◆ **What to produce**
Leave every picture out, and print the full listing again exactly.

◆ **Provided data**

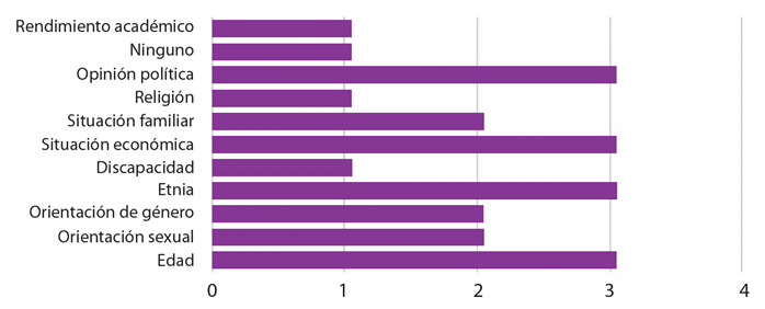 Por otra parte, se estableció que un grupo de estudiantes reconocen haber ejercido acciones discriminatorias y raciales contra sus compañeros de aula, docentes, estudiantes de otros semestres, autoridades y hacia personal administrativo de la institución (10 %). El foco se ubica en quienes son considerados diferentes sea por su origen étnico, situación socioeconómica, orientación sexual, género, diferencias generacionales, creencias religiosas, posición política o por presentar alguna discapacidad. Aquello demuestra que las manifestaciones de racismo y discriminación no están relacionadas con el rol que cumplen dentro de la institución, sino más bien constituye un problema que proviene del entorno familiar-social que se reproduce en los escenarios universitarios.
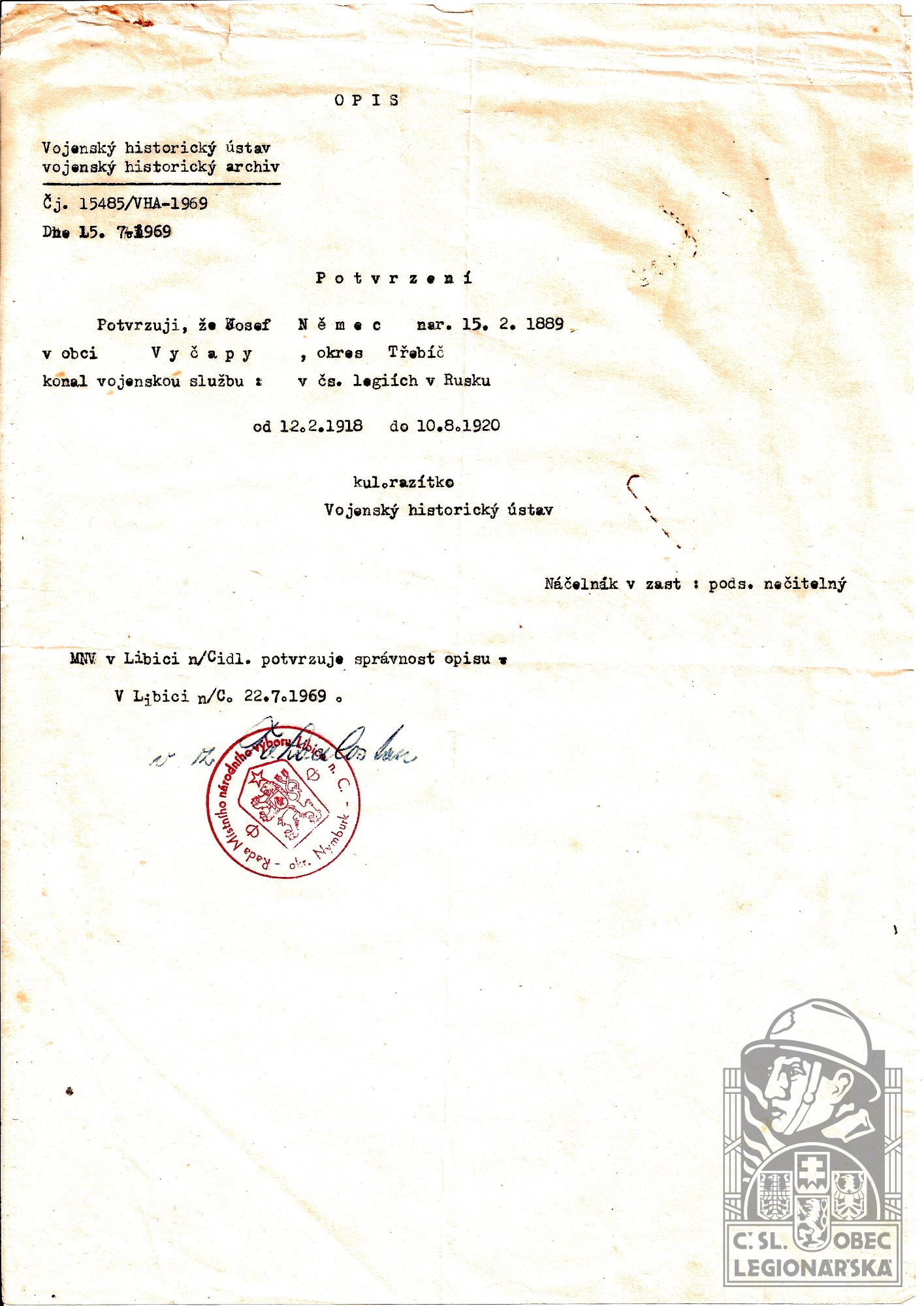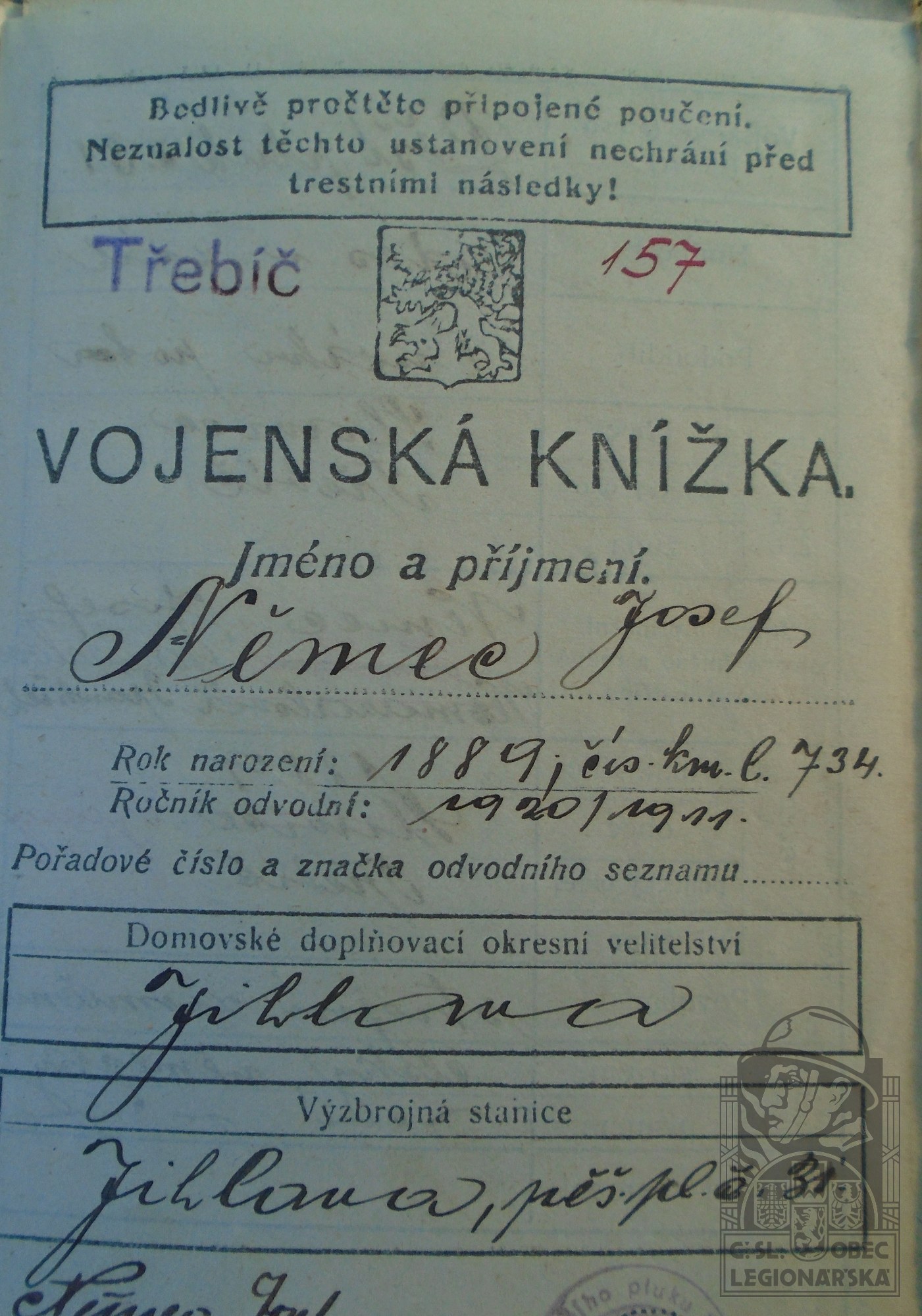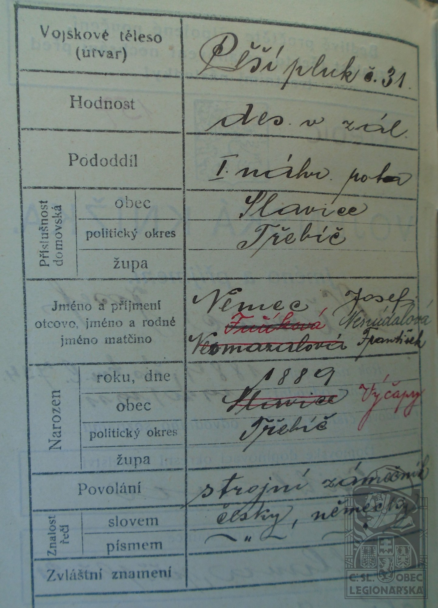 Zdroj informací: legionářský poslužný spis osobní karta legionáře
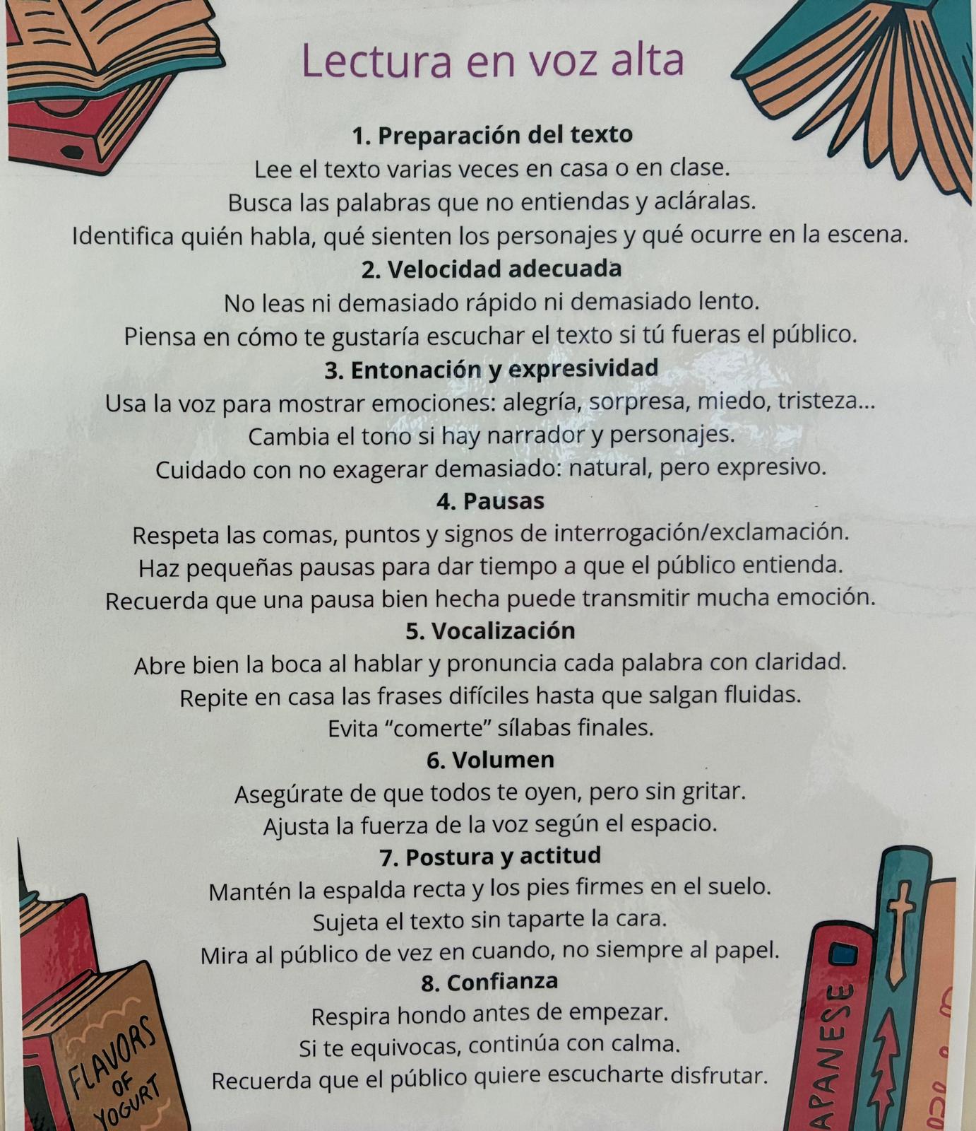 Durante la jornada, los mayores acompañaron a los estudiantes de 4º de Primaria en una sesión de lectura en voz alta, guiándolos, animándolos y ofreciéndoles consejos para mejorar la entonación, el ritmo, la pronunciación y la seguridad frente al público. Fue una experiencia enriquecedora para ambos grupos: los alumnos de 4º disfrutaron leyendo y aprendiendo, mientras que los de 6º demostraron una gran responsabilidad.

◆ **Response to the task**
 Por otra parte, se estableció que un grupo de estudiantes reconocen haber ejercido acciones discriminatorias y raciales contra sus compañeros de aula, docentes, estudiantes de otros semestres, autoridades y hacia personal administrativo de la institución (10 %). El foco se ubica en quienes son considerados diferentes sea por su origen étnico, situación socioeconómica, orientación sexual, género, diferencias generacionales, creencias religiosas, posición política o por presentar alguna discapacidad. Aquello demuestra que las manifestaciones de racismo y discriminación no están relacionadas con el rol que cumplen dentro de la institución, sino más bien constituye un problema que proviene del entorno familiar-social que se reproduce en los escenarios universitarios.
 Zdroj informací: legionářský poslužný spis osobní karta legionáře
 Durante la jornada, los mayores acompañaron a los estudiantes de 4º de Primaria en una sesión de lectura en voz alta, guiándolos, animándolos y ofreciéndoles consejos para mejorar la entonación, el ritmo, la pronunciación y la seguridad frente al público. Fue una experiencia enriquecedora para ambos grupos: los alumnos de 4º disfrutaron leyendo y aprendiendo, mientras que los de 6º demostraron una gran responsabilidad.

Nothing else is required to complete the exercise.